Kekerasan Aparat kepada Petani Dongi-Dongi Dikecam
- ANTARA FOTO/Abriawan Abhe
VIVA.co.id – Komisi untuk Orang Hilang dan Korban Tindak Kekerasan (KontraS) mengecam penembakan yang dilakukan oleh aparat terhadap petani di Dongi-Dongi, Sulawesi Tengah pada 28 Maret 2016. Penembakan terjadi saat para petani akan melakukan aksi massa, demonstrasi atas ketidakadilan yang dialami petani, buruh dan penambang dalam pengelolaan sumber daya agraria.

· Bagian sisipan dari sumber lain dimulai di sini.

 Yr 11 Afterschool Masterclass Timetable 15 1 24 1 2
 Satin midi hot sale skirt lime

"Berdasarkan informasi yang kami terima, saat massa aksi sampai di Ranoromba, mereka ditahan polisi dan digeledah agar tidak membawa senjata tajam dan rep (bongkahan batu yang mengandung emas). Padahal rep tersebut akan mereka jual di Poboya untuk kebutuhan logistik saat aksi (makan, minum dan bahan bakar kendaraan)," kata Koordinator Badan Pekerja KontraS, Haris Azhar, melalui rilis pers, Kamis 31 Maret 2016.

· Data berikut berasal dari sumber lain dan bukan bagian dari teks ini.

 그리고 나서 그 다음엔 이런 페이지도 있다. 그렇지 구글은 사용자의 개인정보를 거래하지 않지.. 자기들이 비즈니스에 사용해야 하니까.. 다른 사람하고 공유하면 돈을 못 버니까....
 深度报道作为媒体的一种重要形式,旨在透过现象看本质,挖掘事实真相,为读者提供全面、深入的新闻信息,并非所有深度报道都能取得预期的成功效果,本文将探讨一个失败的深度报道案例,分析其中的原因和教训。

Haris melanjutkan, saat negosiasi terjadi, ada seruan "maju sudah" yang artinya terus jalan oleh sejumlah orang dan teriakan tersebut lantas dianggap polisi sebagai rencana mendobrak blokade aparat. Satuan aparat kemudian menembakkan gas air mata. Akibatnya massa yang berada di dalam mobil turun dan berlarian.
"Kemudian pihak keamanan mulai menembak massa secara membabi buta. Beberapa orang tertembak," tambahnya.

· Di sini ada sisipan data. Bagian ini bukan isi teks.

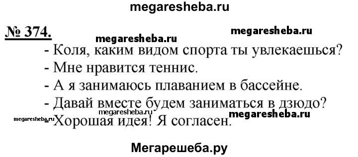 Подробный решебник (ГДЗ) по Русскому языку за 5 (пятый) класс - готовый ответ упражнение - 374. Авторы учебника: Быстрова, Александрова, Семенова. Издательство: Дрофа 2013.
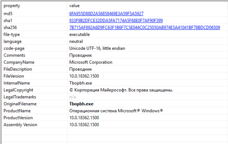 The file has a digital signature, with the following attributes in the version information. These are likely forged to look like a legitimate file.
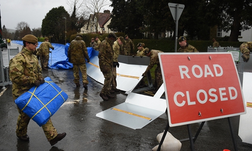 Members of the 4th Battalion Royal Regiment of Scotland erect flood barricades in Ilkley, West Yorkshire on Saturday, as Storm Dennis sweeps in over the UK. Photo: AFP
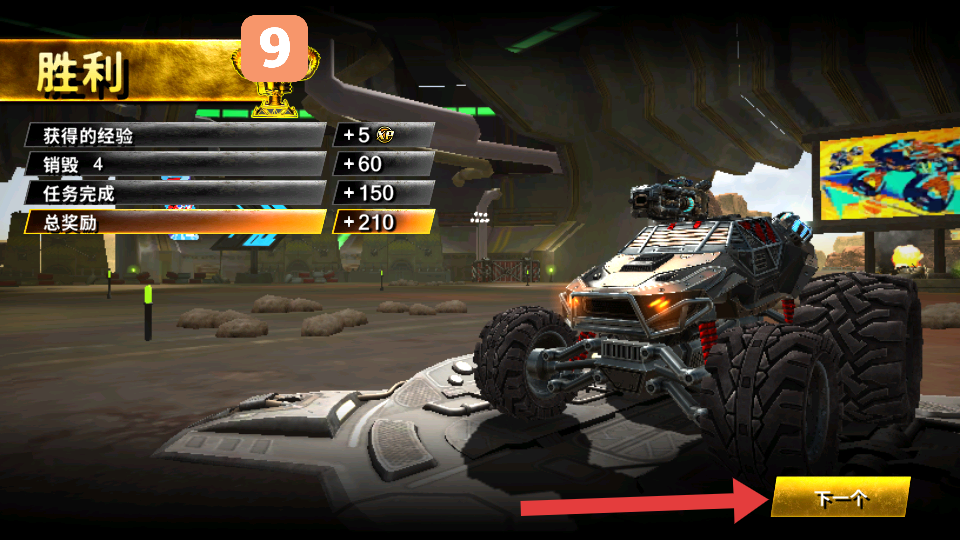 4、比赛胜利后,领取经验、金币等奖励,点击【下一个】回到游戏主界面。

Menurut Haris, kejadian serupa yaitu intimidasi terhadap gerakan tani juga terjadi beberapa tahun silam. Pengebirian dan penculikan terhadap 13 petani dari Desa Dongi-dongi dan Kamamora di Kecamatan Palolo, Kabupaten Sigi, Sulawesi Tengah terjadi pada 28 Januari 2014 saat mereka sedang mengolah lahan. Insiden itu terjadi bertepatan dengan pembukaan Kongres Forum Petani Merdeka (FPM) di Dongi-Dongi yang merupakan organisasi para petani tersebut bernaung.
"Sederet peristiwa yang terjadi ini menjadi potret buruk aparat yang menggunakan kekuatannya secara sewenang-wenang dan abai menjadi pelindung bagi masyarakat," ujarnya.
KontraS karena itu meminta Pemda Sulteng agar meminta pihak keamanan seperti polisi dan tentara untuk tidak meneruskan perilaku beringas terhadap masyarakat. Polda Sulawesi Tengah juga diminta melakukan penindakan terhadap seluruh jajaran polisi yang melakukan kekerasan.
Selain itu, KontraS juga mendesak agar Komisi Nasional Hak Asasi Manusia (Komnas HAM) segera melakukan penyelidikan terkait peristiwa kekerasan dan pelanggaran terhadap Pasal 25, 29, 33 dan 34 UU Nomor 39 tahun 1999 tentang HAM sebagaimana fungsi dan tugasnya yang merupakan amanat dari Pasal 89 (3) UU Nomor Nomor 39 tahun 1999 tentang HAM.
Sementara Lembaga Perlindungan Saksi dan Korban (LPSK) harus memberikan perlindungan yang efektif bagi seluruh korban dan warga yang merasa ketakutan atas teror dan intimidasi akibat terjadinya peristiwa tersebut.